All free subdomains support HTTPS by default through a system-wide SSL certificate. This benefits most people since you no longer need to set up and install your own SSL certificate. However, there are some important limitations to understand when configuring your website for HTTPS.
The www subdomain does not support SSL
The system-wide SSL certificates can only protect direct subdomains, which means www subdomains are not covered. For example: the domain example.ct.ws is protected with SSL, but www.example.ct.ws cannot be protected.
What works: example.ct.ws
What doesn’t work: www.example.ct.ws
Please configure your website to use the URL without the www prefix. If you have existing links or bookmarks using www, consider setting up a redirect from www to the non-www version to preserve your traffic and avoid broken links.
Subdomains of free subdomains do not support SSL
The system-wide SSL certificate can only provide HTTPS to direct subdomains of the reseller domains. Domains like example.ct.ws can be protected, but subdomains like blog.example.ct.ws cannot be protected.
What works: example.ct.ws
What doesn’t work: blog.example.ct.ws
Because of this limitation, creating subdomains of subdomains is no longer available on new hosting accounts. Older hosting accounts may still be capable of doing this, but those subdomains will not be able to have SSL support anymore.
This limitation stems from how wildcard SSL certificates work and cannot be resolved without reverting to individual SSL certificates for each domain, which is not sustainable.

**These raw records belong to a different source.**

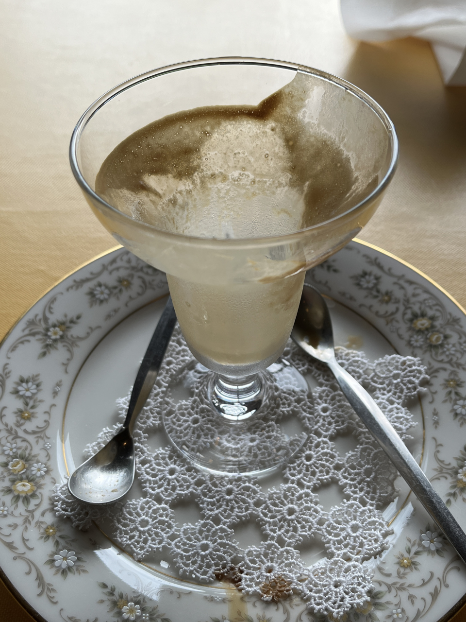 初めてで料理の量がわからなかったので、前菜にトレビスとチコリのおとなのサラダ!フレッシュモッツアレラとコッパサラミ添え 1,900円、パスタは自家製ラザーニャ 2,000円を注文し、二人でシェアしました。歳も歳だけに二人ともこれでお腹いっぱい、あとはレッドオレンジジュースとデザートはアッフォガート 1,000円です。
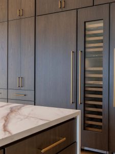 Paneled Subzero 30” fridge and 30” freezer columns and 18” wine cooler
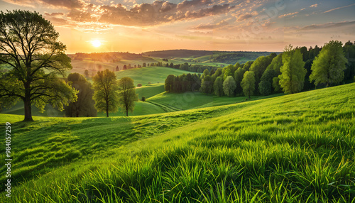 © SolarisKG, Naklejka premium Paysage de campagne au lever du soleil
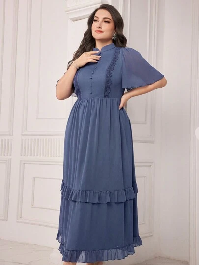 Modelyn Vestido de talla grande de unicolor con cuello alto, contraste de encaje, mangas de volantes y dobladillo con volantes, vestido de invitada de boda, vestidos largos de noche - Azul - Añade 1
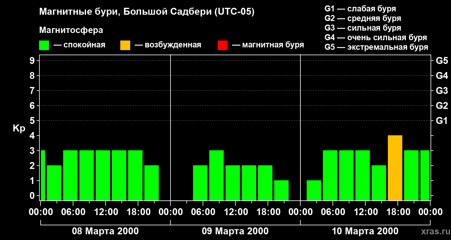 Изменения геомагнитного индекса Kp с 8 по 10 марта 2000 года для средних широт
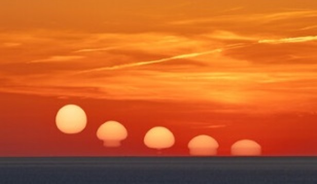 در واقع، در این عکس، خورشید در حال ذوب شدن نیست. ظاهر متغیر و سیال آن با نزدیک شدن به افق، ناشی از تغییر شکست نور در امتداد خط دید است و تصاویر یا سرابهای تحریفشدهای را از قرص سرخرنگ خورشید ایجاد میکند.
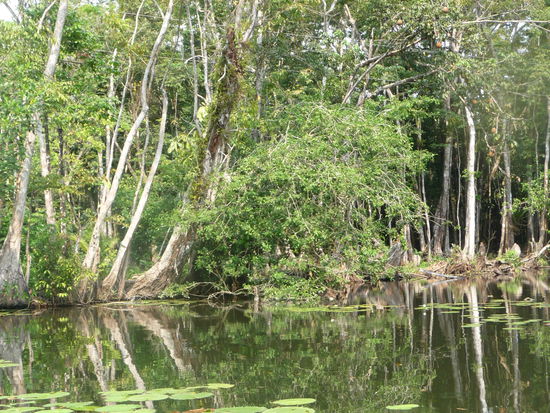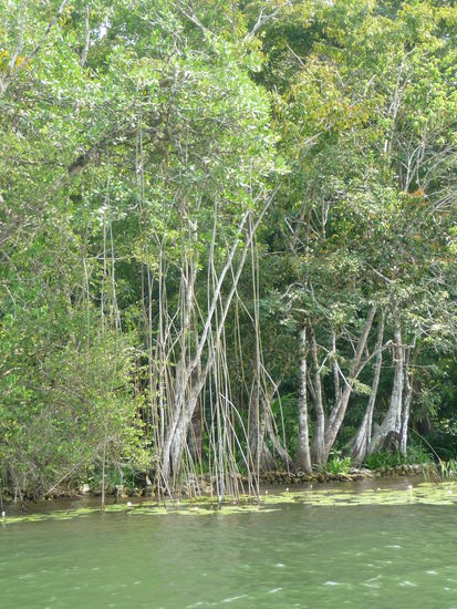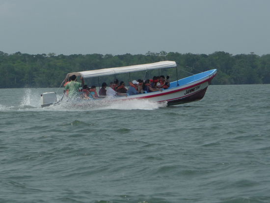 Vom gleichnamigen Ort geht es über den Rio Dulce der am größten See Guatemalas den Lago de Izabal seinen Anfang nimmt und sich in seinen Mittelauf zu einen 5 km breiten See den El Golfete erweitert bevor er bei Livingston in die Karibische See mündet. Ein großer Teil der des Gebietes gehört zum Nationalpark Rio Dulce in denen Seekühe, Jaguare, Krokodile ,Schildkröten, Tapirs,Leguane,Brüllaffen und viele Vogelarten wie der Tukan Ihre Heimat haben. Ausflugsboote halten neben den zahlreichen Fischrestaurants auch gerne an den heißen Quellen ( Aquas Calientes ) die zum baden einladen.Während der ca. zweistündigen Bootsfahrt nach Livingston über den Rio Dulce wofür ich 25 US Dollar bezahlte machten wir auch Halt an einen der Fischrestaurants um etwas zu essen. An einigen Stellen des Flußes hatte man Eindruck als währe man auf den Amazonas unterwegs.
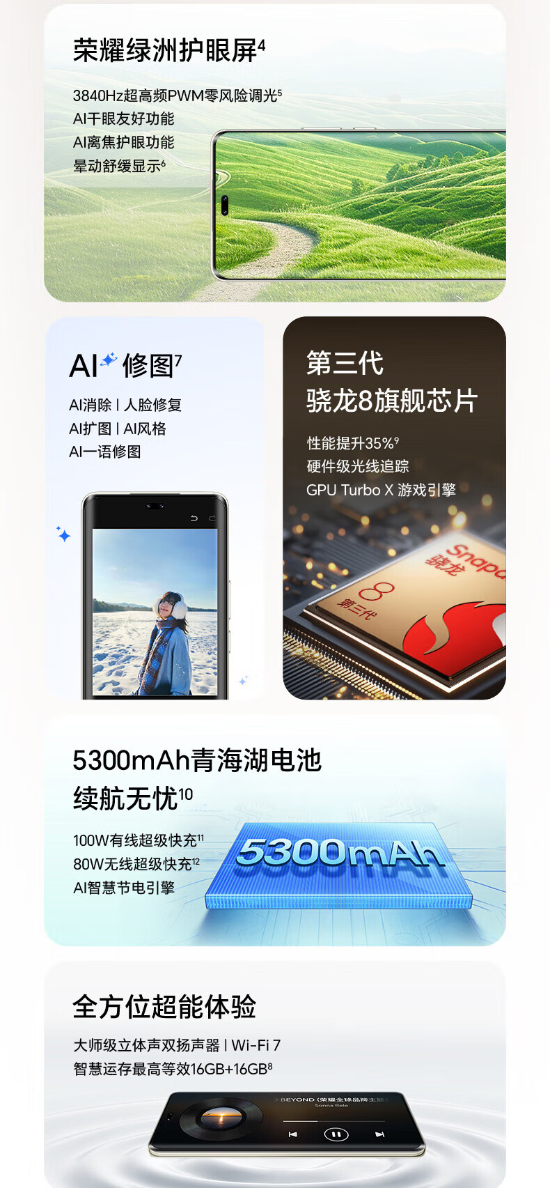 荣耀300Pro/300【24期免息】5G全网通 超级快充 单反级雅顾人像 荣耀绿洲护眼屏 第三代骁龙8 AI拍照 墨岩黑 12GB+256GB【300Pro】 蓝牙套装版|送3年保修+180天只换不修+碎屏险
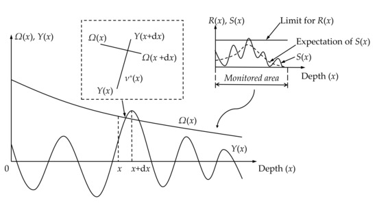 A similar form of Equation (12) (with the terms X and x denoting time) has been extensively used for the estimate of structural time-dependent reliability [31,32,44,45,46]. In this paper, Equation (12) is adopted with modifications to assess the deformation reliability of retaining structures.
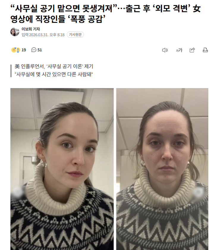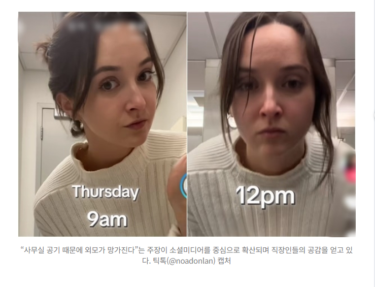 "因为办公室空气,外貌会变差"——这一主张以社交媒体为中心迅速扩散,引发了职场人的强烈共鸣。声称上班前还干净利落的脸庞,随着工作时间推移,会变得明显浮肿、显老。
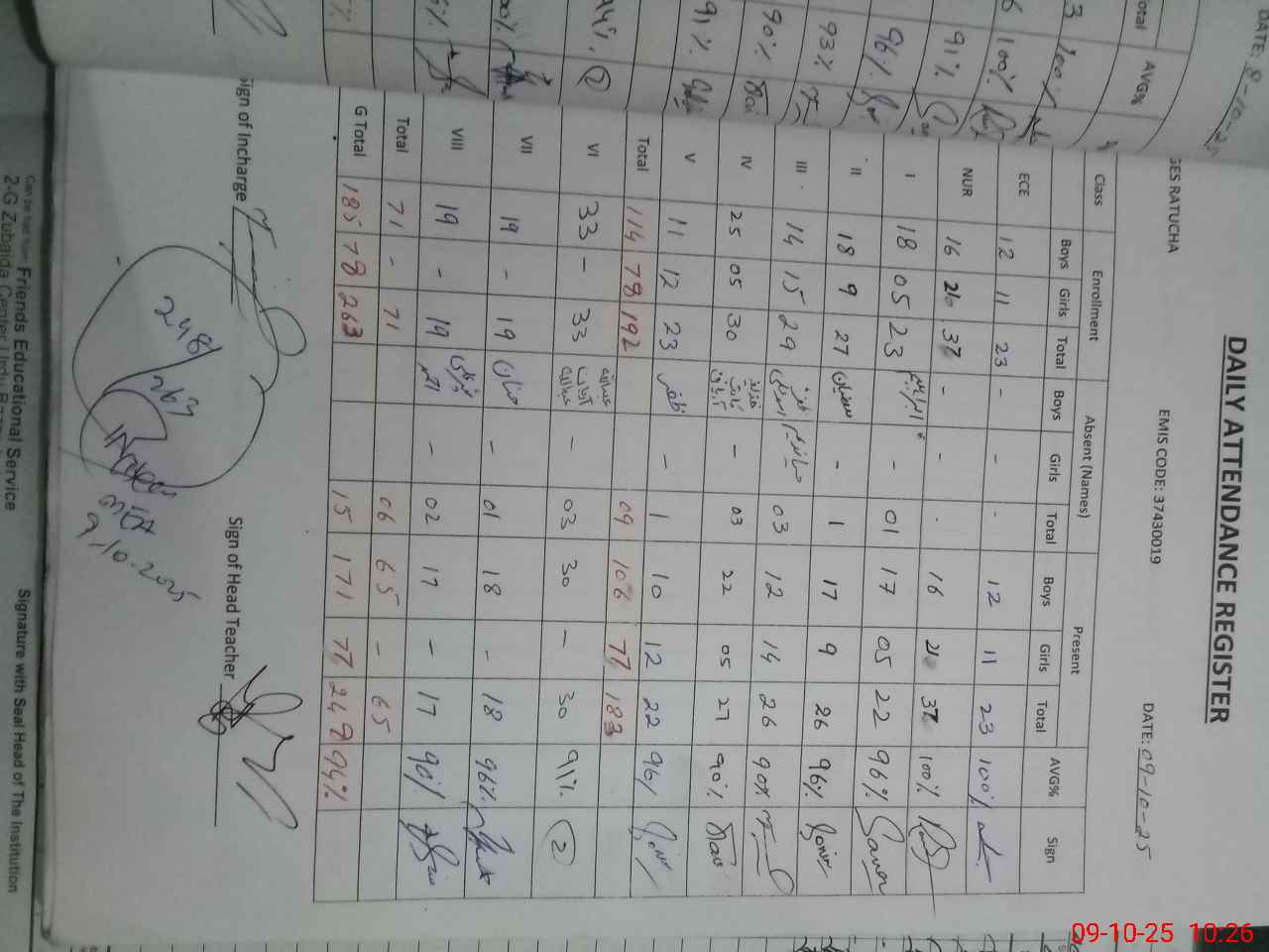 | Attendance Register | Head Teacher | MEA with School | Visit Proof |
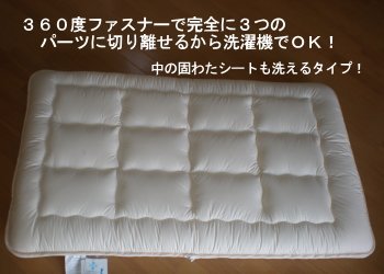 - 敷き布団も360度ファスナーにより完全に3つのパーツに切り離れますので、洗濯機で洗えます。
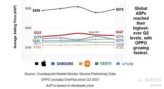 据Counterpoint Research最新数据,OPPO的平均售价(ASP)跃居全球第二,仅次于苹果。
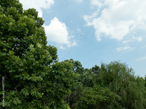 Obraz premium trees and clear blue sky with white clouds
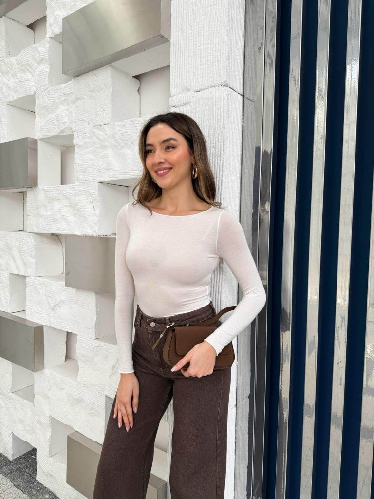 Beyaz Kayık Yaka Transparan Bluz 25187-Beyaz

You must still configure your website to use HTTPS
Having an SSL certificate only makes your website capable of using HTTPS, it doesn’t automatically enable it. To properly implement HTTPS, you need additional configuration:
- Configure your website to use HTTPS URLs. Most website software has a setting to determine the website URL. If so, you must configure that to use
https://instead ofhttp://. How you need to do this depends on the website software being used. For WordPress, this is typically in Settings > General. For other CMS platforms or website builders, check their specific documentation for HTTPS or SSL settings. - Redirect all website traffic to HTTPS. After verifying that your website works with HTTPS, you need to enforce the use of it. See this article for more information: How to force all traffic to HTTPS - #12
SSL certificates are available instantly
The system-wide SSL certificates are active by default and applied automatically to all free subdomains. There is no setup process that needs to be done on individual domains or accounts, either manually or automatically. The moment your free subdomain is created, it’s protected with the system-wide SSL certificates.
In other words: if you’re having issues with the SSL certificate, then “waiting for it to be installed” will not help, because there is no such process.